» EXERCISE
Starting at the line that contains "Served as brush" and stopping at the line that contains "会议伊始,由实践部部长吴思杰", restate each line of the records below exactly. Omit the pictures.
··········
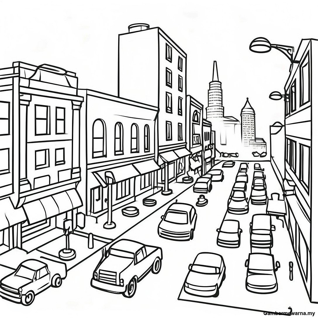 Muat turun PDF Boleh Cetak Halaman Mewarna Adegan Jalan Sibuk Di Kota Lego
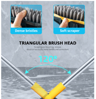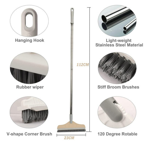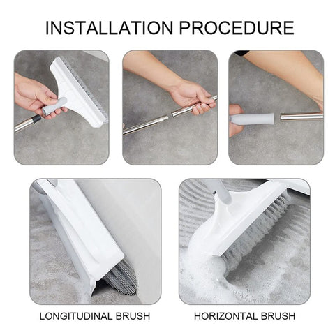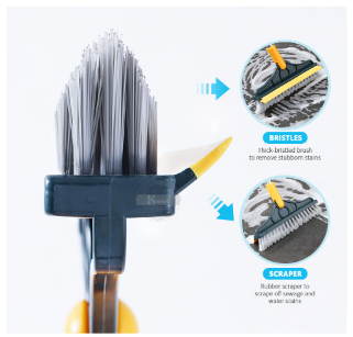 Served as brush and scraper, after brushing the floor, you can easily scrap the sewage. 120 degree rotating brush head, triangular convex bristles, rubber soft plate.
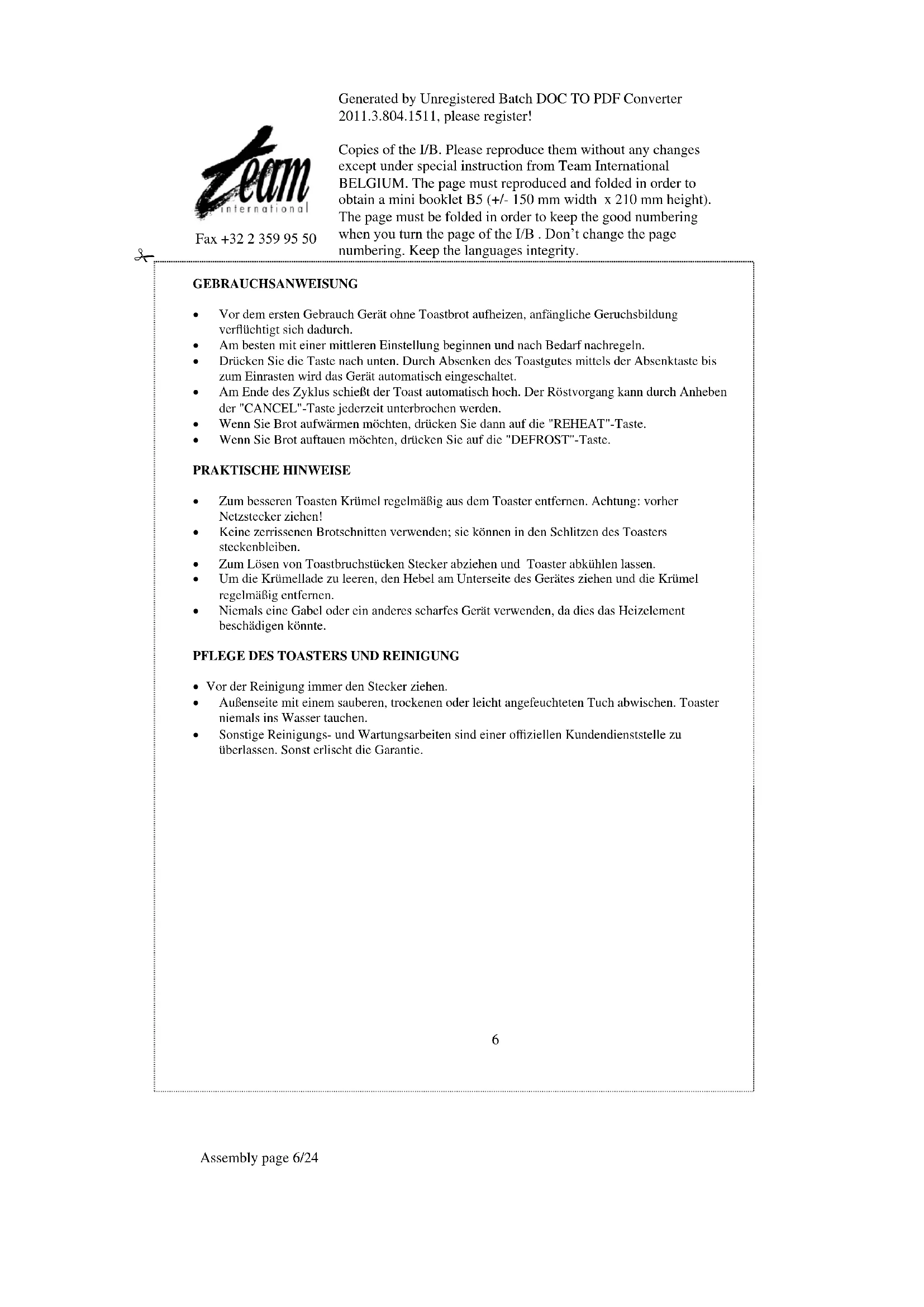 Fax +32 2 359 95 50 Generated by Unregistered Batch DOC TO PDF Converter 2011.3.804.1511, please register! Copies of the I/B. Please reproduce them without any changes except under special instruction from Team International BELGIUM. The page must reproduced and folded in order to obtain a mini booklet B5 (+/- 150 mm width x 210 mm height). The page must be folded in order to keep the good numbering when you turn the page of the I/B . Don’t change the page numbering. Keep the languages integrity.
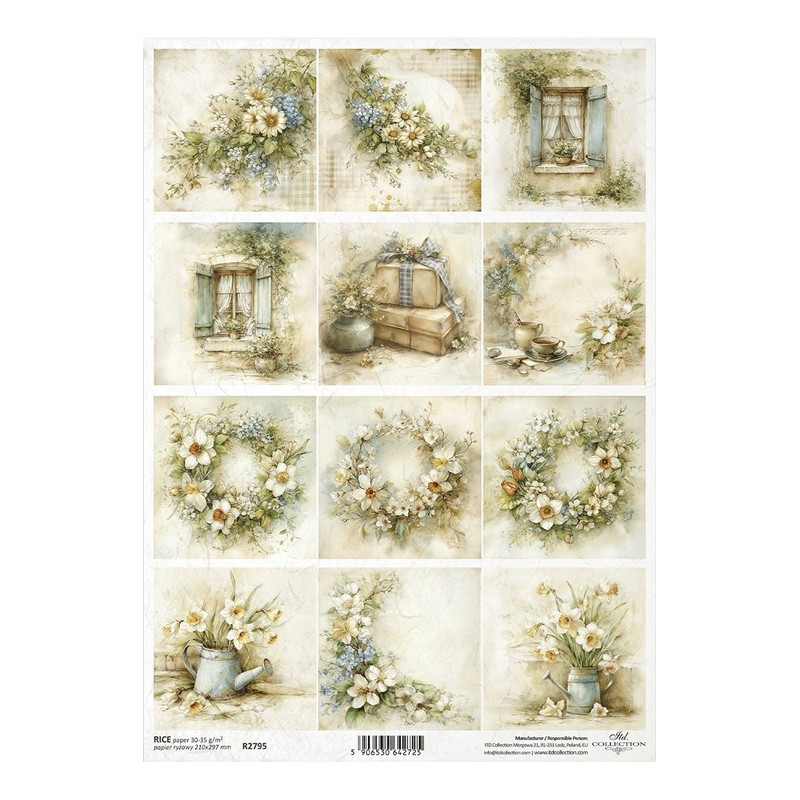 Přírodní rýžový papír pro decoupage. Výrobek ITD Collection. Snadné lepení, vhodné na dřevo, lepenku, kov, sklo. Nevyžaduje před použitím namáčení. Rozměr A4.
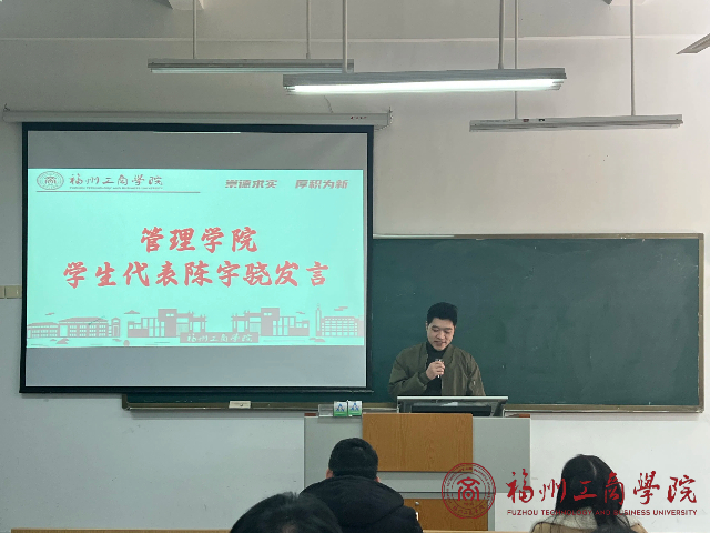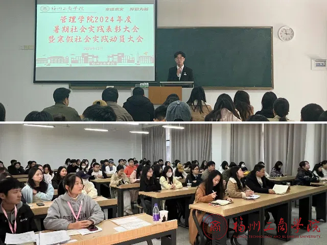会议伊始,由实践部部长吴思杰对2024年度暑期社会实践完成情况进行总结汇报,大会通过照片回顾了学生暑期实践成果,让参会人员领会了暑期社会实践的汗水与喜悦,感受管院学子深入实践、走向基层、接触社会、的激情和风采。随后,团委书记张春梅老师宣读2024年度暑期三下乡社会实践的先进个人、团队获奖名单,并对他们表示热烈的祝贺。与会领导、老师为暑期社会实践获奖成员颁奖。优秀社会实践代表陈宇骁上台发言。他回顾队参与社会实践的经历,表示将理论武装、勤于实践,担负起当代青年的责任与使命。 紧接着,大会对寒假实践活动进行了详细部署。学院鼓励学生挖掘家乡传统文化,积极参与公益服务,关爱孤寡老人等行动,在实践中提升社会责任感和使命感。同时,学院也着重强调了实践安全问题。
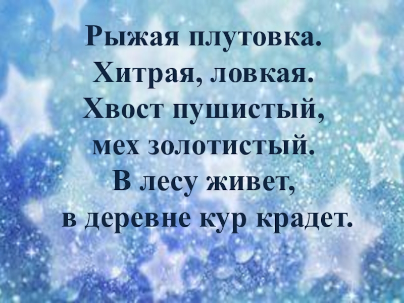 Рыжая плутовка. Хитрая, ловкая.Хвост пушистый, мех золотистый.В лесу живет, в деревне кур крадет.
··········
» WRITTEN RESPONSE
 Served as brush and scraper, after brushing the floor, you can easily scrap the sewage. 120 degree rotating brush head, triangular convex bristles, rubber soft plate.
 Fax +32 2 359 95 50 Generated by Unregistered Batch DOC TO PDF Converter 2011.3.804.1511, please register! Copies of the I/B. Please reproduce them without any changes except under special instruction from Team International BELGIUM. The page must reproduced and folded in order to obtain a mini booklet B5 (+/- 150 mm width x 210 mm height). The page must be folded in order to keep the good numbering when you turn the page of the I/B . Don’t change the page numbering. Keep the languages integrity.
 Přírodní rýžový papír pro decoupage. Výrobek ITD Collection. Snadné lepení, vhodné na dřevo, lepenku, kov, sklo. Nevyžaduje před použitím namáčení. Rozměr A4.
会议伊始,由实践部部长吴思杰对2024年度暑期社会实践完成情况进行总结汇报,大会通过照片回顾了学生暑期实践成果,让参会人员领会了暑期社会实践的汗水与喜悦,感受管院学子深入实践、走向基层、接触社会、的激情和风采。随后,团委书记张春梅老师宣读2024年度暑期三下乡社会实践的先进个人、团队获奖名单,并对他们表示热烈的祝贺。与会领导、老师为暑期社会实践获奖成员颁奖。优秀社会实践代表陈宇骁上台发言。他回顾队参与社会实践的经历,表示将理论武装、勤于实践,担负起当代青年的责任与使命。 紧接着,大会对寒假实践活动进行了详细部署。学院鼓励学生挖掘家乡传统文化,积极参与公益服务,关爱孤寡老人等行动,在实践中提升社会责任感和使命感。同时,学院也着重强调了实践安全问题。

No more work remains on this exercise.